# Northeast Coridor Ridership Increases



## seabilliau (Dec 12, 2011)

Neat article in the Times about increased ridership along the NEC due to increased airfare. 

http://nyti.ms/SmAr5J


----------



## gunrunnerjohn (Nov 10, 2010)

Now, if they could just stop losing money on every rider, that would be great.


----------



## norgale (Apr 4, 2011)

I think that if Amtrack charged what it should in order to make a profit,nobody would ride beause it would cost too much. The railroad is already nationalized so why not spend the money to fix the RR infrastructure,speed up the trains with new equipment,bridges and track and then adjust the price to what the traffic will bear. faster trains will make more money.
On the other hand the privatization of the RR probably won't work unless the government sunsidizes it to make it go. Then we'll be right back where we are now only some people will be getting very rich off the subsidies and the tax payers will be paying more.
Just like high speed rail here in Florida. We have wide open spaces just about as flat as a table top and nobody will commit to building this RR without the government behind it. If it was such a big money maker for so many people then private money would have already built the darned thing. 
The only RR that make any money are those who run stricly frieght. Moving freight pays big money,moving people doesn't. I wonder what the liability insurance costs on a passenger train going from LA to DC or NYC? Pete


----------



## seabilliau (Dec 12, 2011)

In my complete uninformed opinion I believe that mass transit needs to always be considered a monetary loss. I'm sure there are models and circumstances where privitization can and or is successful but I think in most cases it is not. 

I heard a quip the other day about Britan now having the most expensive rail fares in the world and apparently it's due to privitization.
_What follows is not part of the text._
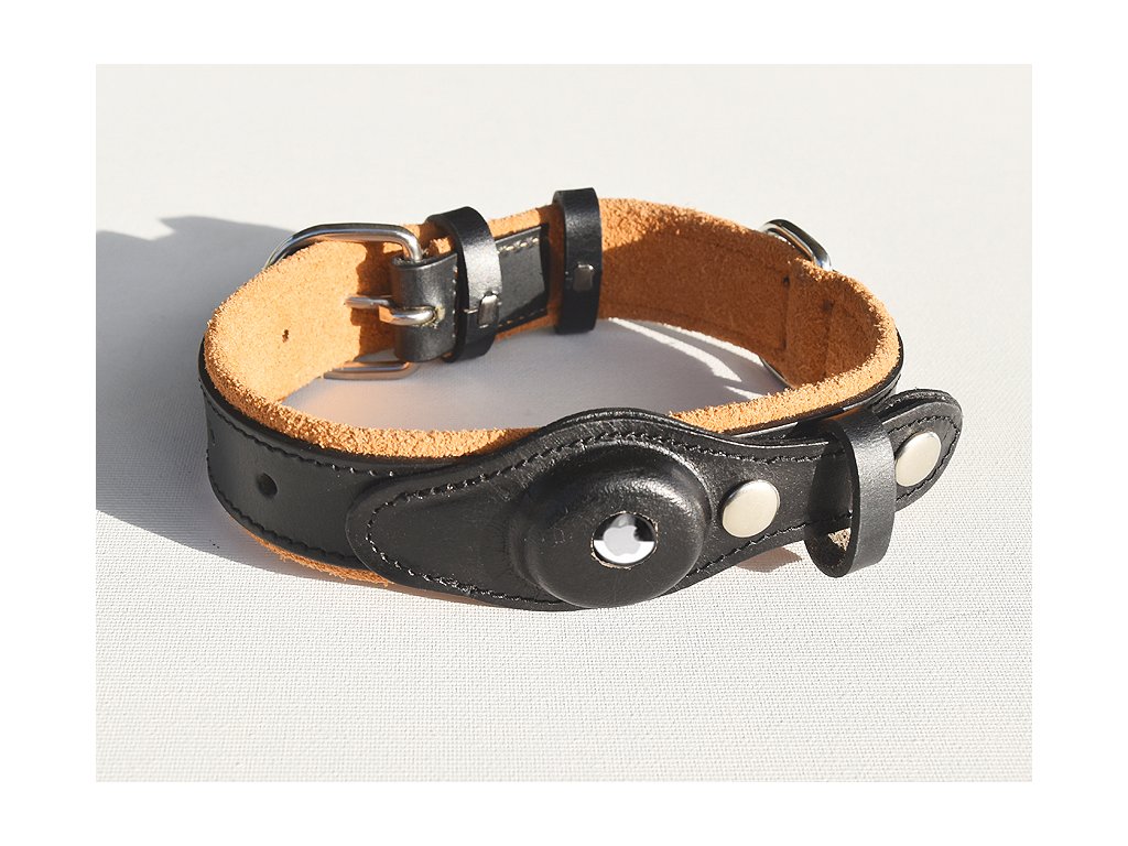 Obojek z vysoce kvalitní kůže s pohodlným polstrováním a s kapsou na Apple Air Tag

I think airlines will still be private for a long time to come but eventually the costs will be too much forcing some form of govt support. 

http://m.guardian.co.uk/commentisfr...ion-failed-nhs?cat=commentisfree&type=article


----------



## brylerjunction (Aug 8, 2011)

FWIW the man who owns the shipping terminals in Hong Kong ( we all know how busy they are and the amount of stuff that goes through them) has to by Government Law operate ferries from Main Land Hong Kong to Hong Kong Island at a lost as part of his agreement to run the shipping ports...and he does a great job the ferries and stations are nice and the boats are comfortable and always on time.


----------



## Carl (Feb 19, 2012)

That is good news......Need to progress in the issue of users of the mass transit systems to shoulder a larger share of the cost. Need to get off the government roles.


----------



## norgale (Apr 4, 2011)

Maybe it's the clientel that the RR serves. People who can't afford to drive or take the plane will have to take a bus or a train. Anyone who can't afford to have a car sure can't afford to ride the train either.
Therfore the train remains at a lower level price per ticket than would be profitable to attract riders.The only way the train can exist to serve the people who need it is to subsidize it with the government. Pete


----------



## manchesterjim (Dec 30, 2011)

norgale said:


> Maybe it's the clientel that the RR serves. People who can't afford to drive or take the plane will have to take a bus or a train. Anyone who can't afford to have a car sure can't afford to ride the train either.
> Therfore the train remains at a lower level price per ticket than would be profitable to attract riders.The only way the train can exist to serve the people who need it is to subsidize it with the government. Pete


I'll have to take issue with some of this Pete...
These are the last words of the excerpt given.